In Germany, support for sustainable investments has faded, according to a new study.

On a scale of -100 to +100, the sentiment index for sustainable investment compiled by Union Investment in cooperation with professor Henry Schäfer of Stuttgart University was down from plus 22 in 2011 to plus 4 in 2012.

Three main factors contributed to the fall in the index.

Fewer than half of investors said they took account of sustainability criteria when making investment decisions, compared with 64% last year, while the priority weighting given to sustainable strategies within the overall investment policy also fell from 59% last year to 42% this year.

A lack of information was the third factor, with only 40% of respondents stating that they felt well informed, or very well informed, about the issue of sustainability, down from 57% last year.

Alexander Schindler, a member of Union Investment's board of managing directors responsible for business with institutional clients, said: "The latest findings lead us to believe that a degree of uncertainty has crept into the evaluation of sustainable investment strategies.

"Added to which, many investors have apparently shifted their priorities in the wake of the European sovereign debt crisis because securing the minimum return they require probably takes precedence over everything else, given the tough market environment.

"Sustainable investments are not a fair-weather strategy, though. We must continue working on communicating the economic benefit of these approaches - particularly with regard to risk management."

Despite having fallen, the index indicates that the overall, underlying sentiment among investors is stable and positive.

Schäfer said: "Institutional investors who have been investing sustainably for some time are continuing to do so, but the market is slowing down.

"However, investors who have been reticent until now, such as company pension schemes, could become strong growth drivers and so provide an additional boost for sustainable investments."

In light of the current level of sentiment, Schäfer believes there is a particular need for solutions tailored to customer requirements.

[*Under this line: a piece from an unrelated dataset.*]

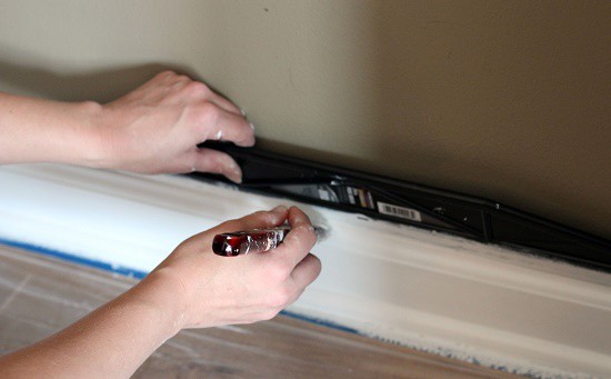 - Prenez une spatule large (propre), une feuille de plastique ou de carton (mince pour un meilleur ajustement) et remplacez-la sous la plinthe, en la pressant contre le mur lors de la peinture de la plinthe.

"Sustainable investment strategies are very well established among German investors, but many institutional investors still seem unclear about which suit their individual needs and whether they can be implemented in their own investment process," he said.

This year, more than 200 institutional investors - such as insurance companies, pension funds, banks, corporations and foundations, with total assets under management of more than €2.4trn - took part in the study.